Every record needs to be repeated exactly; its pictures do not.

Start of DATA FOR THIS TASK

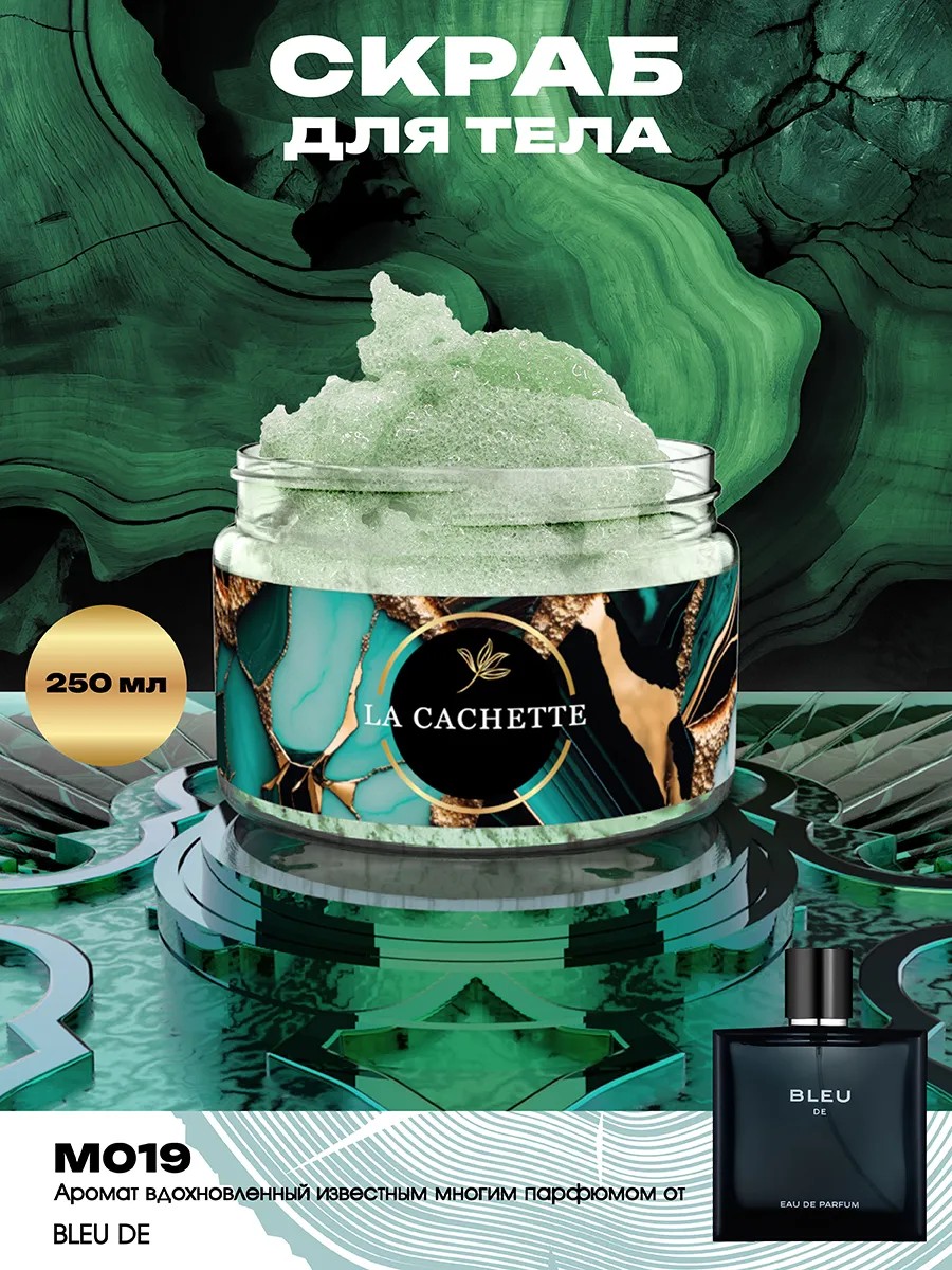La Cachette M019 Bleu de Perfumed Body Cream Scrub, 250 ml. This gentle salt scrub with Bleu de perfume combines the properties of a scrub and a moisturizer. It promotes better penetration of active ingredients from subsequent skincare products, such as masks or creams. Designed for deep cleansing of the skin, removing dead skin cells, getting rid of impurities, and reducing oiliness. The cream moisturizes the skin, leaving it soft and smooth. Sea salt is used as an abrasive. An immediate effect after the first use: the skin becomes smoother, fresher, and more radiant. Ingredients: Sea salt, glycerin, stearic acid, sodium coco-sulfate, EDTA, methylcloroisin, methylisolone, fragrance. Directions for use: Take a small amount of scrub, distribute evenly over damp skin with light massage movements, and rinse with water. Use 2-3 times a week. This product is formulated with high-quality, premium ingredients. Notes include: citrus, vetiver, pink pepper, cedar, grapefruit, woodsy notes, sandalwood, ginger, and incense.
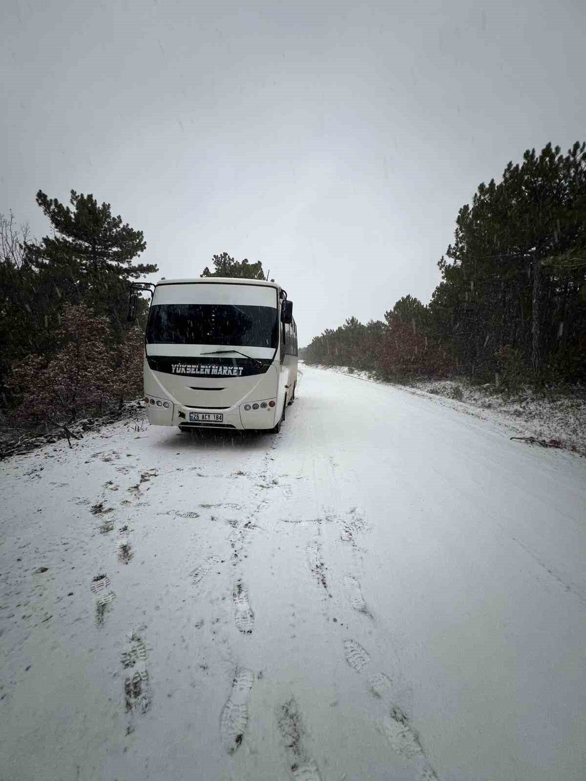 Eskişehir’de Türkmendağı eteklerinde kar yağışı sonrası beyaz örtü oluştu.
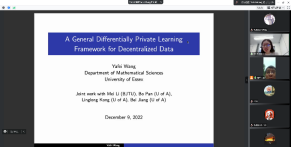 王亚飞老师介绍了她的最新科研成果,若干个服务器之间的信息传递会导致个人信息的泄露,如何保护数据隐私这一重要课题。介绍了他们团队提出的一种可以保护数据隐私的DP-DL学习框架,并给出了所提算法的泛化误差估计和有限样本的性质,从理论上给出了隐私保护怎样受局部服务器的影响的全局解。最后基于广义高斯分布,提出了一种新的加噪声的机制。
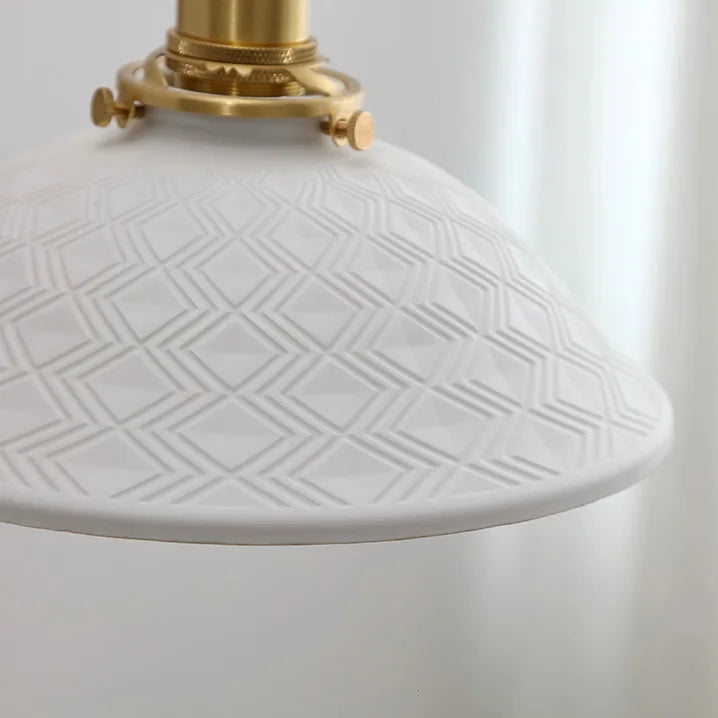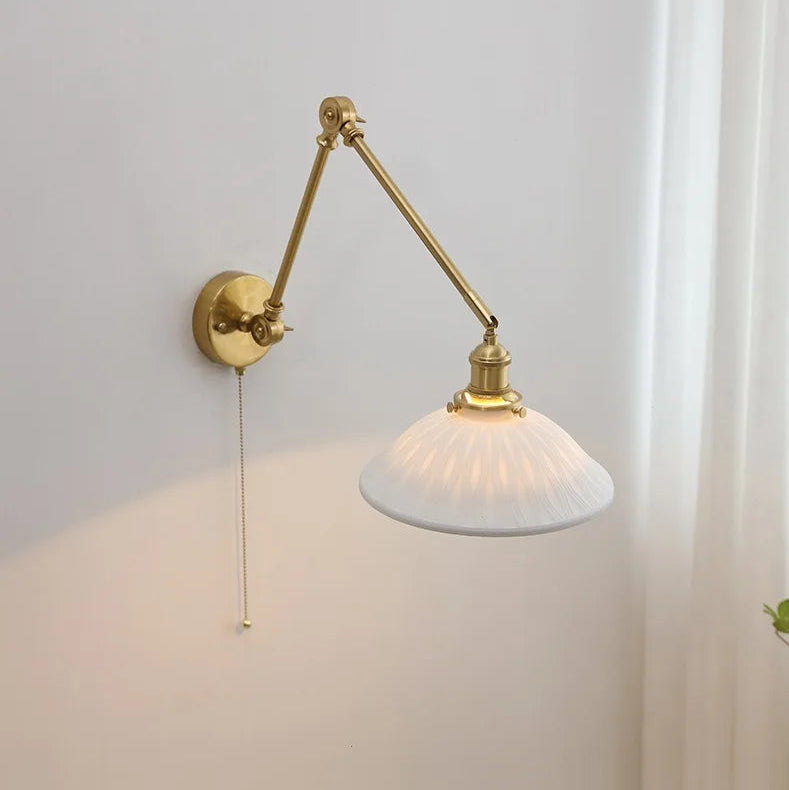 Aplique de pared vintage de latón con gran pantalla de cerámica.
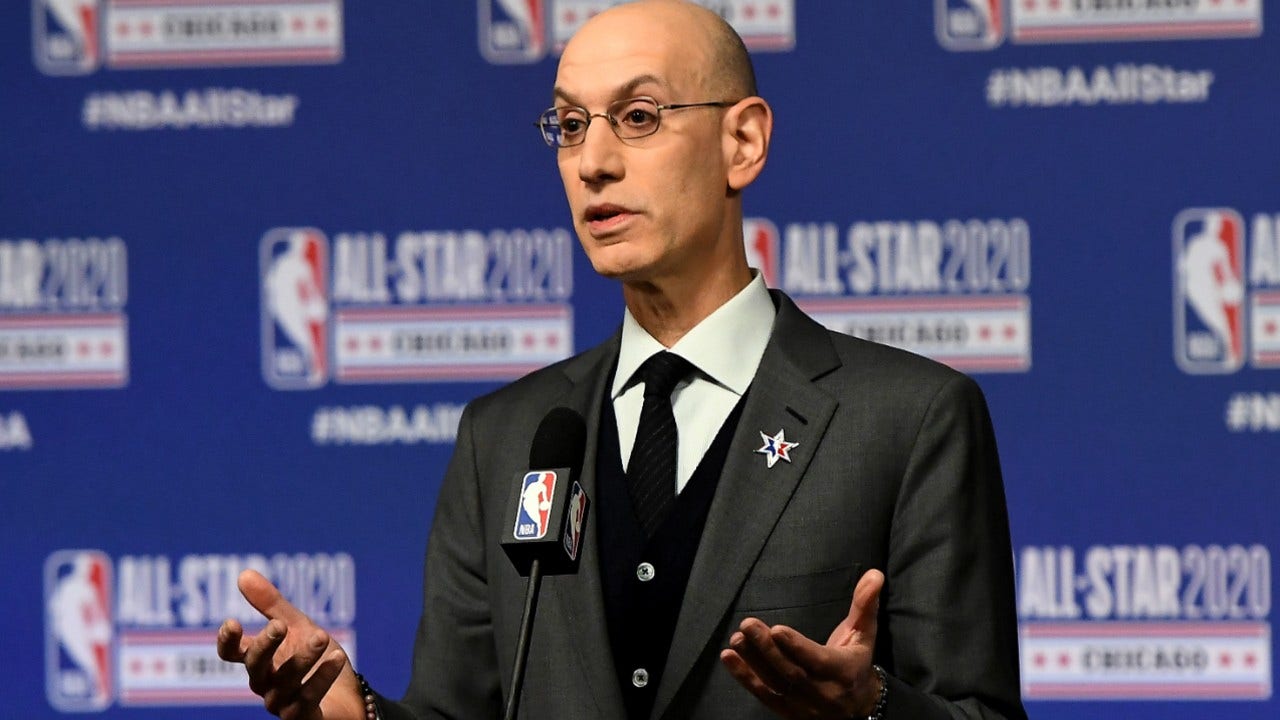 NBA Commissioner Adam Silver speaks to the media during a press conference at the United Center on February 15, 2020 in Chicago, Illinois. (Photo by Stacy Revere/Getty Images)
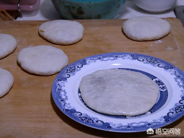 将面团出剂,擀成薄皮,像包包子一样将肉馅包好,放到案板上一个个按平。取一个盘子,里面抹油,把包好的馅饼放进盘子里,馅饼上面抹油,用手指慢慢的将馅饼压扁,只要不露馅,越薄越好。
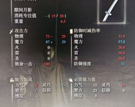 首頁 艾爾登法環 問答 艾爾登法環名刀月隱屬性是什麼? 2022-07-23 艾爾登法環是一款以正統黑暗奇幻世界為舞台的動作RPG遊戲,裡面有著眾多裝備,名刀月隱是一把非常強力的武器,適合法師進行戰鬥,其佩戴需要力氣12、靈巧18、智力23,可以提高物理攻擊和魔力,增加防禦強度,造成出血附加效果。
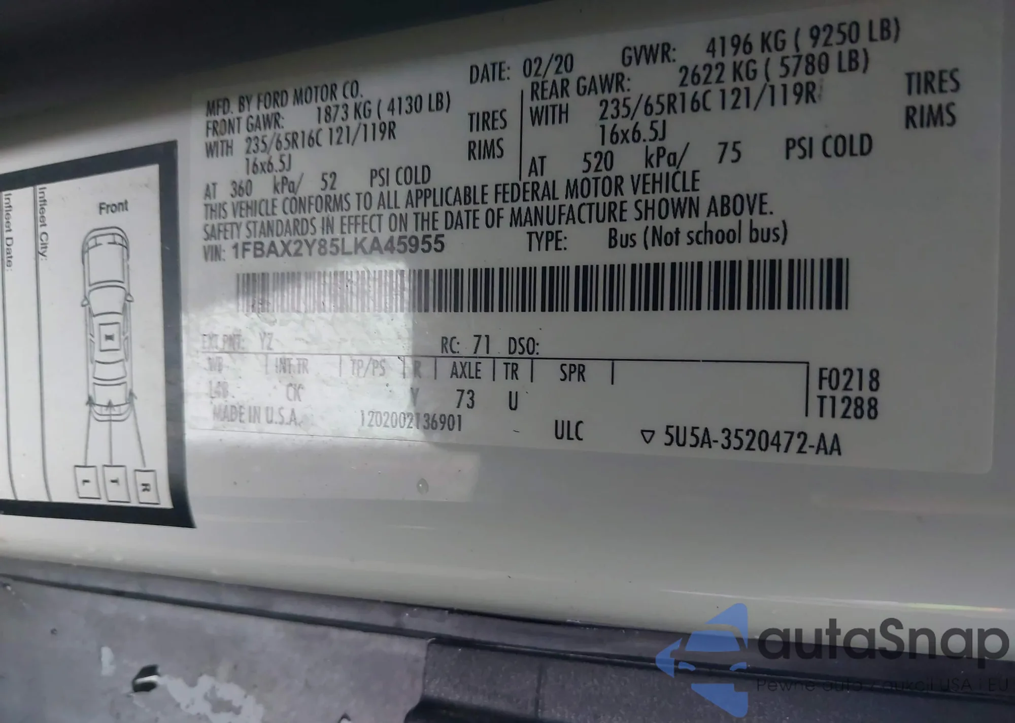 • VIN: 1FBAX2Y85LKA45955
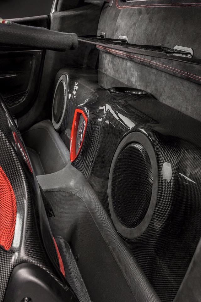 Este sistema de sonido se integra a la perfección tras las plazas traseras en un perfecto envoltorio de fibra de carbono, muy en armonía con el resto del habitáculo donde el mencionado material se reparte por los guarnecidos de las puertas, los asientos, el salpicadero…
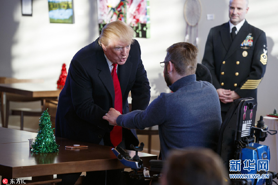 當(dāng)?shù)貢r(shí)間21日,美國(guó)馬里蘭州,美國(guó)總統(tǒng)特朗普訪問沃爾特-里德國(guó)家軍事醫(yī)療中心,慰問受傷士兵和家屬,并與退伍的海軍陸戰(zhàn)隊(duì)中士John Peck交談。
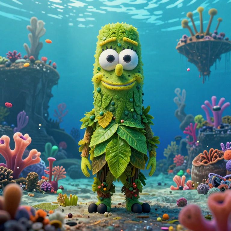 Sponge :Te Fiti, facing forward, female, full body standing in the ocean, body made with plants, colorful, moving island, mother nature, unknown race, smile, leafy,
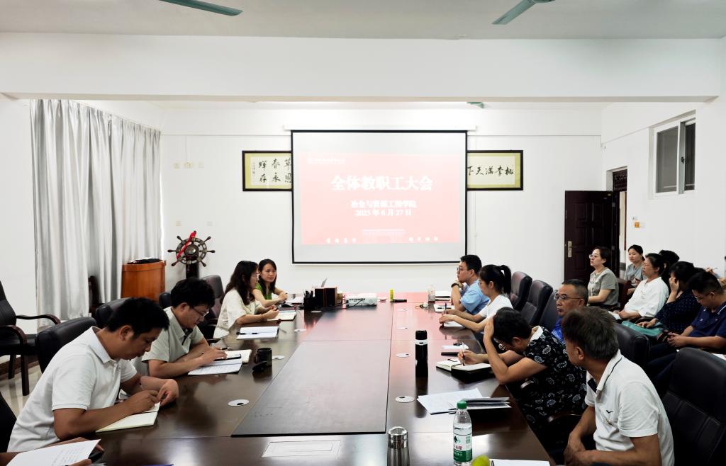6月27日,冶金与资源工程学院召开2025年春季学期期末全体教职工大会,会议由学院党委书记韦国才主持。会议聚焦学期末各项重点任务,开展了系统部署与深入研讨。
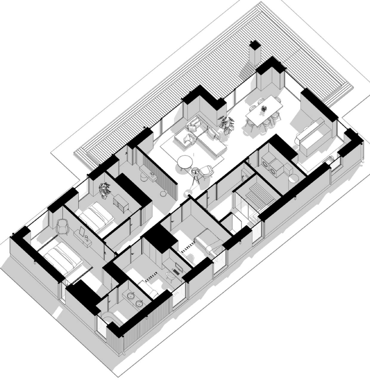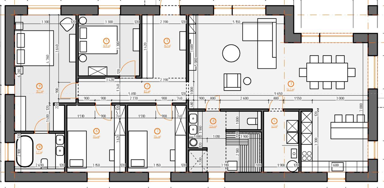 Дом отвечает всем современным требованиям для комфортного проживания большой семьи из 3-5 человек: большая кухня гостиная 55 м.кв. с выходом на открытую веранду, 2 детские спальни по 11,4 м.кв., мастер-спальня с собственным сан.узлом и зоной «под гардеробную» - 26 м.кв., гостевой сан.узел с сауной-18 м.кв., отдельная котельная с чистовой отделкой - на полу плитка, стены крашенные, которую так же можно использовать под постирочную или переформотировать под еще одну спальню и сан.узел!
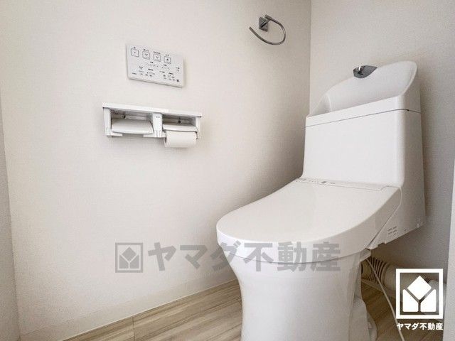 明るく清潔感溢れるトイレです。2連トイレットペーパーホルダーなのでお取替えの手間が軽減できます。
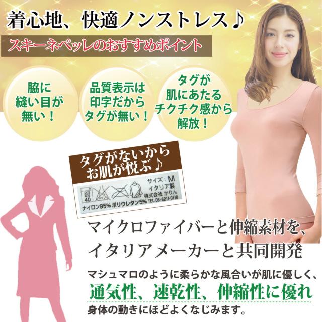 訳あり・パッド無 長袖 スキーネペッレ TASCA ブラ機能付7分袖インナー イタリア製 ラウンドネ
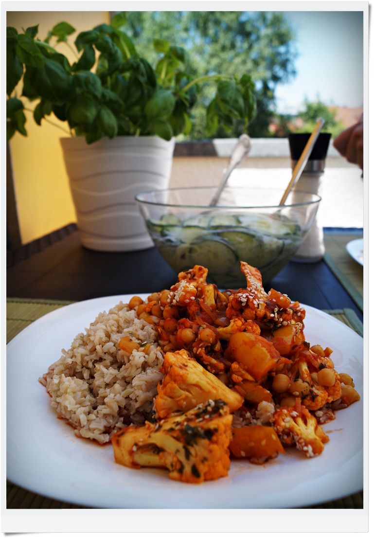 Słoneczny kalafior z ciecierzycą + kasza jęczmienna.

End of DATA FOR THIS TASK

## SOLUTION
La Cachette M019 Bleu de Perfumed Body Cream Scrub, 250 ml. This gentle salt scrub with Bleu de perfume combines the properties of a scrub and a moisturizer. It promotes better penetration of active ingredients from subsequent skincare products, such as masks or creams. Designed for deep cleansing of the skin, removing dead skin cells, getting rid of impurities, and reducing oiliness. The cream moisturizes the skin, leaving it soft and smooth. Sea salt is used as an abrasive. An immediate effect after the first use: the skin becomes smoother, fresher, and more radiant. Ingredients: Sea salt, glycerin, stearic acid, sodium coco-sulfate, EDTA, methylcloroisin, methylisolone, fragrance. Directions for use: Take a small amount of scrub, distribute evenly over damp skin with light massage movements, and rinse with water. Use 2-3 times a week. This product is formulated with high-quality, premium ingredients. Notes include: citrus, vetiver, pink pepper, cedar, grapefruit, woodsy notes, sandalwood, ginger, and incense.
 Eskişehir’de Türkmendağı eteklerinde kar yağışı sonrası beyaz örtü oluştu.
 王亚飞老师介绍了她的最新科研成果,若干个服务器之间的信息传递会导致个人信息的泄露,如何保护数据隐私这一重要课题。介绍了他们团队提出的一种可以保护数据隐私的DP-DL学习框架,并给出了所提算法的泛化误差估计和有限样本的性质,从理论上给出了隐私保护怎样受局部服务器的影响的全局解。最后基于广义高斯分布,提出了一种新的加噪声的机制。
 Aplique de pared vintage de latón con gran pantalla de cerámica.
 NBA Commissioner Adam Silver speaks to the media during a press conference at the United Center on February 15, 2020 in Chicago, Illinois. (Photo by Stacy Revere/Getty Images)
 将面团出剂,擀成薄皮,像包包子一样将肉馅包好,放到案板上一个个按平。取一个盘子,里面抹油,把包好的馅饼放进盘子里,馅饼上面抹油,用手指慢慢的将馅饼压扁,只要不露馅,越薄越好。
 首頁 艾爾登法環 問答 艾爾登法環名刀月隱屬性是什麼? 2022-07-23 艾爾登法環是一款以正統黑暗奇幻世界為舞台的動作RPG遊戲,裡面有著眾多裝備,名刀月隱是一把非常強力的武器,適合法師進行戰鬥,其佩戴需要力氣12、靈巧18、智力23,可以提高物理攻擊和魔力,增加防禦強度,造成出血附加效果。
 • VIN: 1FBAX2Y85LKA45955
 Este sistema de sonido se integra a la perfección tras las plazas traseras en un perfecto envoltorio de fibra de carbono, muy en armonía con el resto del habitáculo donde el mencionado material se reparte por los guarnecidos de las puertas, los asientos, el salpicadero…
 當(dāng)?shù)貢r(shí)間21日,美國(guó)馬里蘭州,美國(guó)總統(tǒng)特朗普訪問沃爾特-里德國(guó)家軍事醫(yī)療中心,慰問受傷士兵和家屬,并與退伍的海軍陸戰(zhàn)隊(duì)中士John Peck交談。
 Sponge :Te Fiti, facing forward, female, full body standing in the ocean, body made with plants, colorful, moving island, mother nature, unknown race, smile, leafy,
6月27日,冶金与资源工程学院召开2025年春季学期期末全体教职工大会,会议由学院党委书记韦国才主持。会议聚焦学期末各项重点任务,开展了系统部署与深入研讨。
 Дом отвечает всем современным требованиям для комфортного проживания большой семьи из 3-5 человек: большая кухня гостиная 55 м.кв. с выходом на открытую веранду, 2 детские спальни по 11,4 м.кв., мастер-спальня с собственным сан.узлом и зоной «под гардеробную» - 26 м.кв., гостевой сан.узел с сауной-18 м.кв., отдельная котельная с чистовой отделкой - на полу плитка, стены крашенные, которую так же можно использовать под постирочную или переформотировать под еще одну спальню и сан.узел!
 明るく清潔感溢れるトイレです。2連トイレットペーパーホルダーなのでお取替えの手間が軽減できます。
 訳あり・パッド無 長袖 スキーネペッレ TASCA ブラ機能付7分袖インナー イタリア製 ラウンドネ
 Słoneczny kalafior z ciecierzycą + kasza jęczmienna.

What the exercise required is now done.